- Exercise goal -
Although pictures appear in the entries below, leave them out and print exactly the lines from the first line through the line containing "Column H. |".

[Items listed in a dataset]
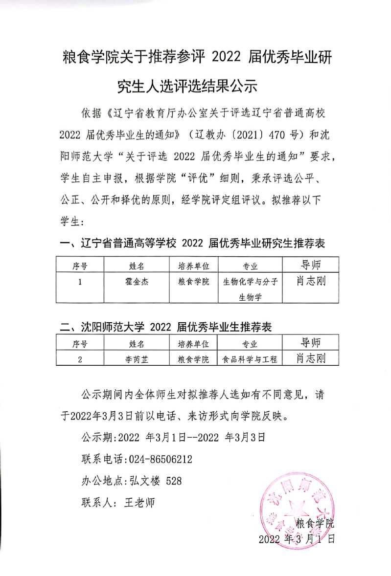 关于推荐参评 2022 届优秀毕业研究生人选评选结果公示
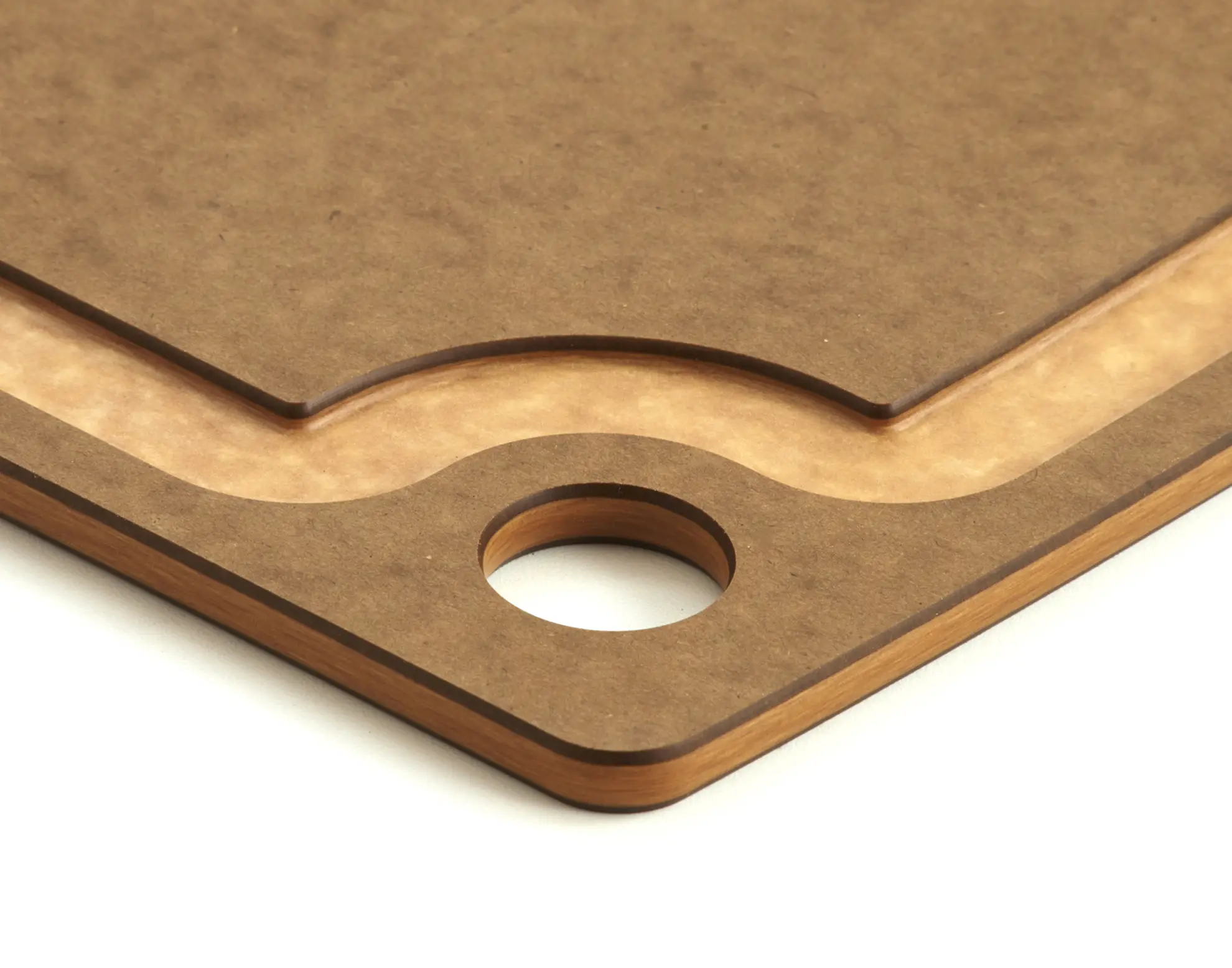 Materiał Richlite powoduje, że deski charakteryzują się wyjątkowa trwałością i jednocześnie są miłe w dotyku. Ich twardość jest podobna do drewna, są odporne na zabrudzenia oraz wysoka temperaturę (do 176ºC ). Gęsta struktura pozbawiona porów zapobiega przywieraniu bakterii do powierzchni deski. Łączy w sobie cechy drewna, szkła i plastiku.
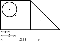 The center of mass of this figure is at a distance of 8.5 units from the left corner of the figure.
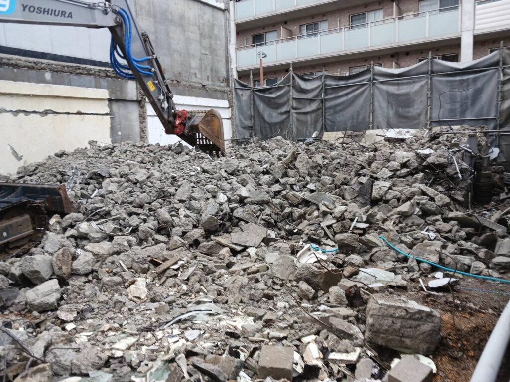 躯体解体後は、発生したコンクリートガラや鉄筋を集積し、分別します。
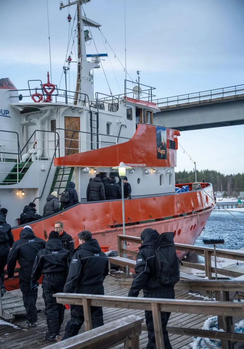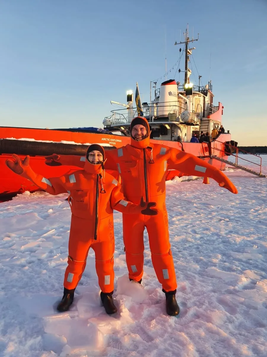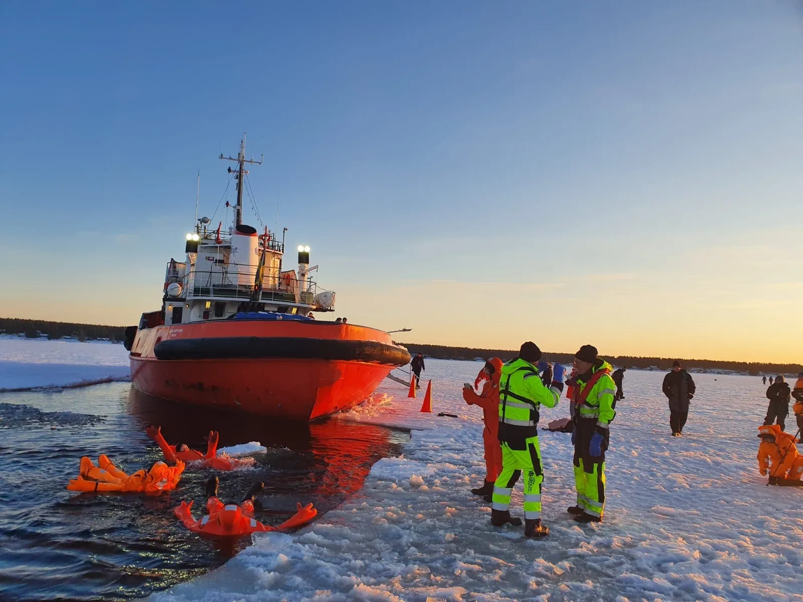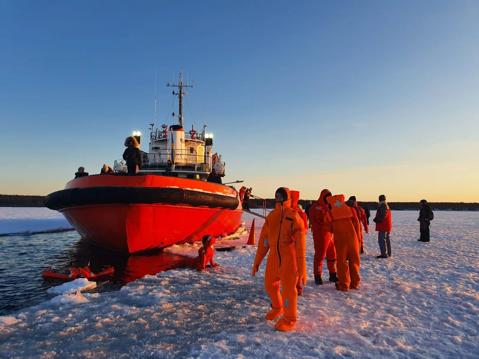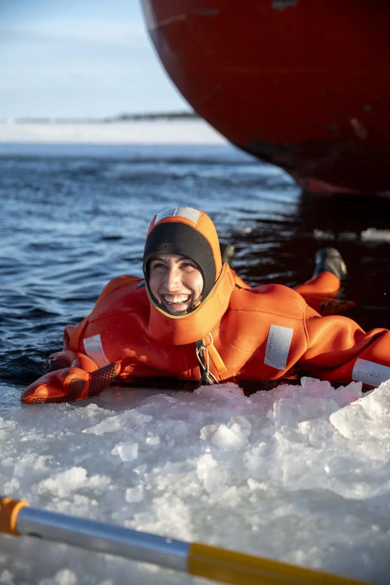Man in orange survival suit lying on ice near open water with a large red icebreaker ship and group of people in the background.
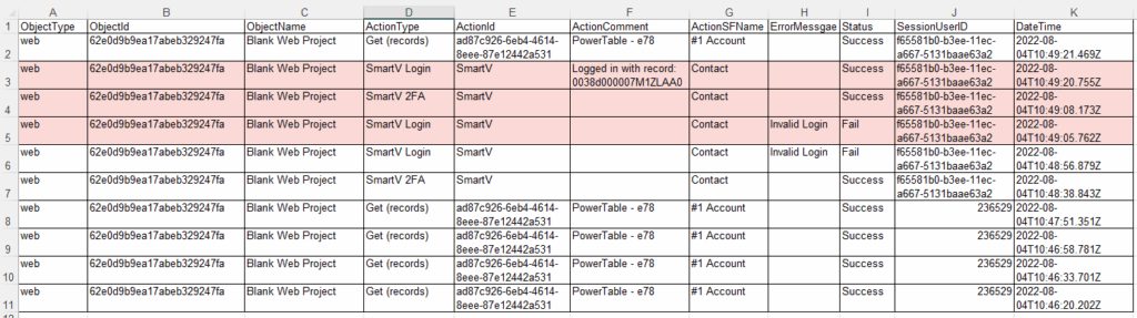 | Column I | This describes the status of the action type that happened in Column D. If the action failed, the error message will be shown in Column H. |
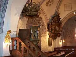 Die Kanzel und der Altar stammen aus dem 17. Jahrhundert und sind aus Holz.

- Finished task -
 关于推荐参评 2022 届优秀毕业研究生人选评选结果公示
 Materiał Richlite powoduje, że deski charakteryzują się wyjątkowa trwałością i jednocześnie są miłe w dotyku. Ich twardość jest podobna do drewna, są odporne na zabrudzenia oraz wysoka temperaturę (do 176ºC ). Gęsta struktura pozbawiona porów zapobiega przywieraniu bakterii do powierzchni deski. Łączy w sobie cechy drewna, szkła i plastiku.
 The center of mass of this figure is at a distance of 8.5 units from the left corner of the figure.
 躯体解体後は、発生したコンクリートガラや鉄筋を集積し、分別します。
Man in orange survival suit lying on ice near open water with a large red icebreaker ship and group of people in the background.
 | Column I | This describes the status of the action type that happened in Column D. If the action failed, the error message will be shown in Column H. |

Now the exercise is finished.